According to Scott (1), there are a number of ways which can be used to devise newer ways of decongesting and building new and modernized mass transit systems within Atlanta and its immediate environs. First, the residents as well as relevant authorities within the city are encouraged to devise efficient ways of addressing matters pertaining to racism and other forms of segregation activities deemed discriminative by nature. This facet can be attained by paying little attention to “naysayers and dead-enders” (Scott 1).

Second, the relevant authorities should embark on conducting development-focused activities by the help of a compelling vision and mission (Times Square South 1). Given that the city is currently facing issues associated with determination of identity crisis, it is fair that a structural report on the city’s vision will be formulated in order to tackle future and probable public transportation facilities. The vision is expected to entice both the public and private stakeholders into committing resources deemed useful in the process of infrastructural developments.

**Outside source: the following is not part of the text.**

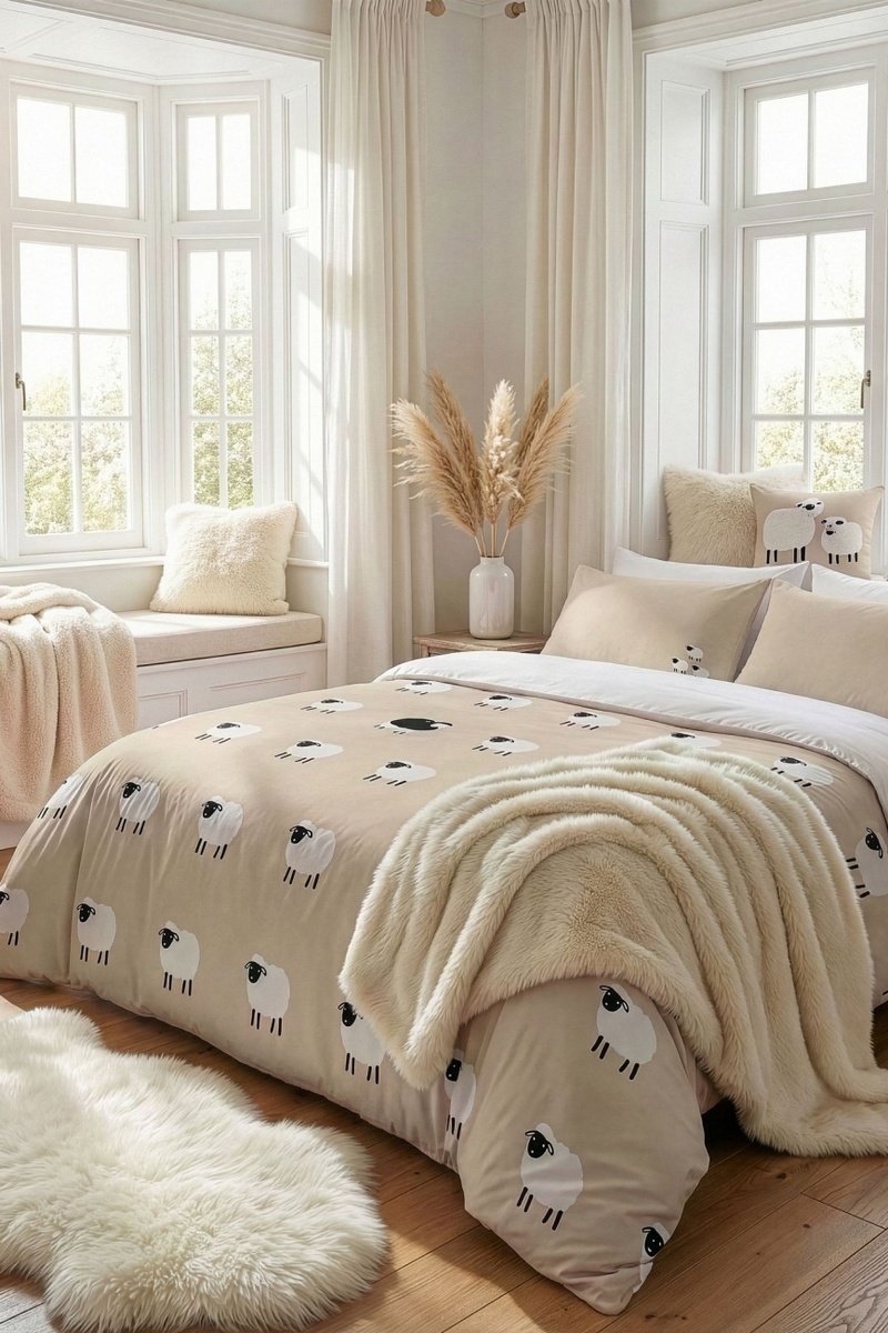 Parure de couette en coton 57 fils/cm² Mouton noir - Ecru

Third, a formidable leadership structure that includes both civic and elected leaders should be put in place in order to tackle the issue pertaining to formulation of relevant transportation policies. The electorates are encouraged to select leaders whose development record speaks for itself. The leaders should be selected in respect to their respective developmental capacities so that effective growth committees are set within the boundaries of the city in that matter.

Fourth, positive transit development can only be brought about by formulation of a realistic financial plan. Clear representation of a financial plan is able to enlighten the public domain on the exact costs of the fundamental transportation investment needed within Atlanta and its immediate environs. Public awareness program should be put forth in order to assist with enlightening the public of the true costs of transit investments. It should be noted that the exact costs of transit investment include planning, construction as well as long-term forms of capital replacement resources.

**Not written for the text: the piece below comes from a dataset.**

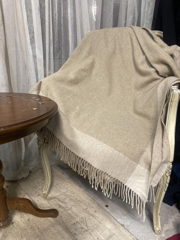 Теплый, комфортный легкий плед бежевого цвета. Размер:172х142 см. Бирки отсутствуют, но на ощупь -в составе шерсть.

In addition to this, the public should be enlightened on the need for other sources of funds needed for completing transit investment projects. This is because the investments are vast enough and require resource funds from the state, given that it is a direct partner to these types of projects.

Fifth, Atlanta city requires a regional form of governance structure to help with growth of transit systems. Formidable governance will be able to transform the underlying vision of the city into real development. Good governance structures should be able to put in place positive transit investments and allocate different responsibilities to each section of the project in order to aid with efficient developmental goals (Blau 1).

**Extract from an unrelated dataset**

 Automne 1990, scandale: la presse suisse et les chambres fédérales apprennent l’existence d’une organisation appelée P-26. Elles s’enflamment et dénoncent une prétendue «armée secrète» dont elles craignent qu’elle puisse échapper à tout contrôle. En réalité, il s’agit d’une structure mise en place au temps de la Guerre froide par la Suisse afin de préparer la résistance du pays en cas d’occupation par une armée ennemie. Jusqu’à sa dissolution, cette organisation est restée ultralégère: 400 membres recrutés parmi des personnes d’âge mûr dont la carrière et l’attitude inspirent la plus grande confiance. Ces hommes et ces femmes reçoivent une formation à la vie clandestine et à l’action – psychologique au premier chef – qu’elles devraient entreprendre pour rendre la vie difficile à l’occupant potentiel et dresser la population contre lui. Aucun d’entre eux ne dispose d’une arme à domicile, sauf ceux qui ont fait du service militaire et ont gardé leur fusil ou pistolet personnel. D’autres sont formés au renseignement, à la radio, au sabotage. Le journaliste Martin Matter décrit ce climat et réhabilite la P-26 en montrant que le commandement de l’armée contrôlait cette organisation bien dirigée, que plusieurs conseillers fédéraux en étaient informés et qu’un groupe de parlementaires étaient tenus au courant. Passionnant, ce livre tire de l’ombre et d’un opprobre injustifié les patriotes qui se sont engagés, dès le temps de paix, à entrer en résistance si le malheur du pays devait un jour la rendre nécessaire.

In conclusion, it is safe to sum up by assuming that the immediate barriers to the development of transit systems within Atlanta are caused by such facets as encroachment of buildings and other structures into the public space so that limited areas are allocated to facilities that enhance community interactions and recreation-sharing activities. Furthermore, there has been so much attention which was paid to the road networks at expense of mass transit systems hence congesting the city. However, there is the possibility that the aforementioned barriers can be eliminated through developing positive governance and other leadership structures as well as formulating newer visionary goals. In addition to this, the public should be enlightened on the negativity of racism and class distinction as a model of designing cities.